:: Exercise data ::
- Opening Delimiter -

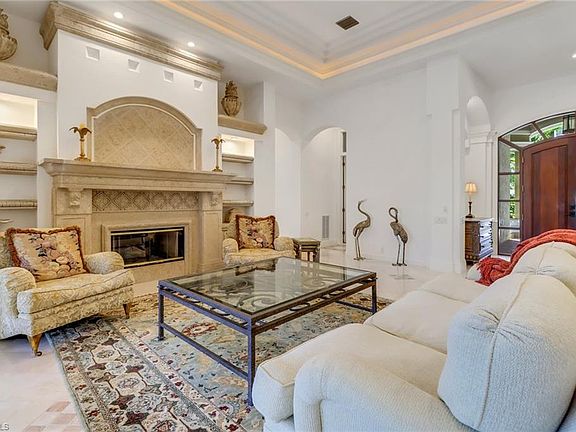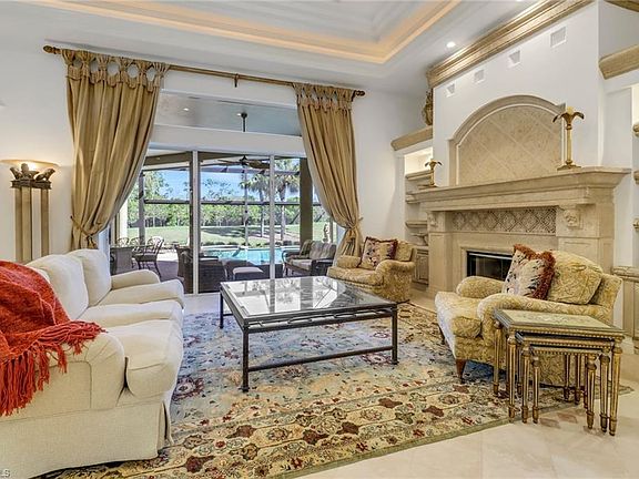 Opulent furnished private home in the gated golf course community of Pelican Marsh, on a large secluded lot in the much sought after Sweet Bay Neighborhood with beautiful views of surrounding golf course and nature preserve in the distance and NO homes across the street. This home has EVERYTHING you’d ever want plus NEW Roof in 2020, NEW Pool cage and screening in 2020, NEW Outdoor Kitchen in 2020, NEWLY painted interior in 2024 and NEW AC in 2019. Featuring 4 spacious bedroom suites, plus an office/den, open kitchen with bar stool seating, a convenient desk, GIANT laundry room with 2nd refrigerator space and a butler's pantry/coffee bar. This home offers many large areas to entertain, including a family room with vaulted ceiling and a full service bar. Outside, a new outdoor kitchen with bar stool seating and picturesque golf course views. Elegant marble flooring, gas fireplace, generous oversize rooms, storage galore, and dramatic 14 ft. ceilings. Walls of sliding doors lead to a desirable 24'x24' salt water pool with overflow spa, on a spacious 1,200 sq. ft. screened lanai. Poolside guest suite offers a full bath & private lanai access. Oversized 3 car garage with workshop and lots of storage. Pelican Marsh offers world class tennis program with lighted courts and tennis shop, pickleball courts, bocce, fitness center with locker rooms, showers, classes and onsite instructors, a new indoor/outdoor restaurant and bar with multiple TV's, plus 4 gated entry/exit choices through the manned gates.
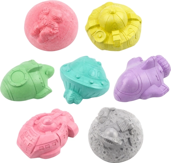 Remek ajándék űrrajongóknak – tematikus formák, pasztellszínek és biztonságos, morzsolódó anyag garantálják a vonzó és tiszta játékot. Befejezés után elég a leletet vízzel leöblíteni, és máris kész a kiállításra vagy további játékra.
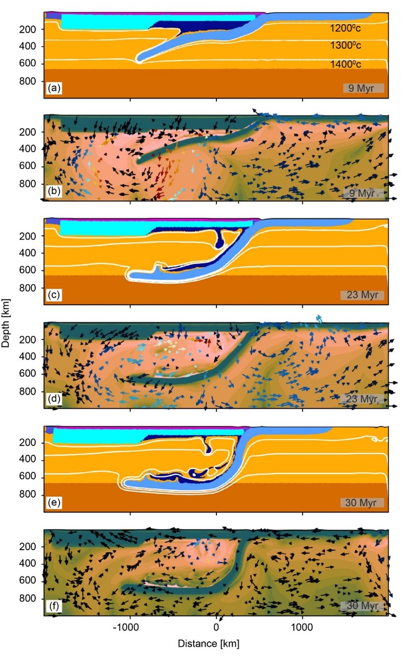 Fig. 2. Snapshots of the NCC destruction from reference model M2 (Paul et al., 2025) after 9 Myr (a,b), 23 Myr (c,d) and 30 Myr (e,f) respectively. Background colours in (a,c,e) represent geological units which are indexed in the top right. The dark blue region indicates the weak craton which is forming lithospheric drips. White lines indicate isotherms. Background colours in (b,d,f) represent viscosity and the arrows represent velocity (Figure taken from Paul et al., 2025).

- Closing Delimiter -

:: Required action ::
Each line from the first line of the material above through the line containing "Remek ajándék űrrajongóknak" is to be reproduced exactly, with both ends kept and pictures left out.

:: Result of this exercise ::
 Opulent furnished private home in the gated golf course community of Pelican Marsh, on a large secluded lot in the much sought after Sweet Bay Neighborhood with beautiful views of surrounding golf course and nature preserve in the distance and NO homes across the street. This home has EVERYTHING you’d ever want plus NEW Roof in 2020, NEW Pool cage and screening in 2020, NEW Outdoor Kitchen in 2020, NEWLY painted interior in 2024 and NEW AC in 2019. Featuring 4 spacious bedroom suites, plus an office/den, open kitchen with bar stool seating, a convenient desk, GIANT laundry room with 2nd refrigerator space and a butler's pantry/coffee bar. This home offers many large areas to entertain, including a family room with vaulted ceiling and a full service bar. Outside, a new outdoor kitchen with bar stool seating and picturesque golf course views. Elegant marble flooring, gas fireplace, generous oversize rooms, storage galore, and dramatic 14 ft. ceilings. Walls of sliding doors lead to a desirable 24'x24' salt water pool with overflow spa, on a spacious 1,200 sq. ft. screened lanai. Poolside guest suite offers a full bath & private lanai access. Oversized 3 car garage with workshop and lots of storage. Pelican Marsh offers world class tennis program with lighted courts and tennis shop, pickleball courts, bocce, fitness center with locker rooms, showers, classes and onsite instructors, a new indoor/outdoor restaurant and bar with multiple TV's, plus 4 gated entry/exit choices through the manned gates.
 Remek ajándék űrrajongóknak – tematikus formák, pasztellszínek és biztonságos, morzsolódó anyag garantálják a vonzó és tiszta játékot. Befejezés után elég a leletet vízzel leöblíteni, és máris kész a kiállításra vagy további játékra.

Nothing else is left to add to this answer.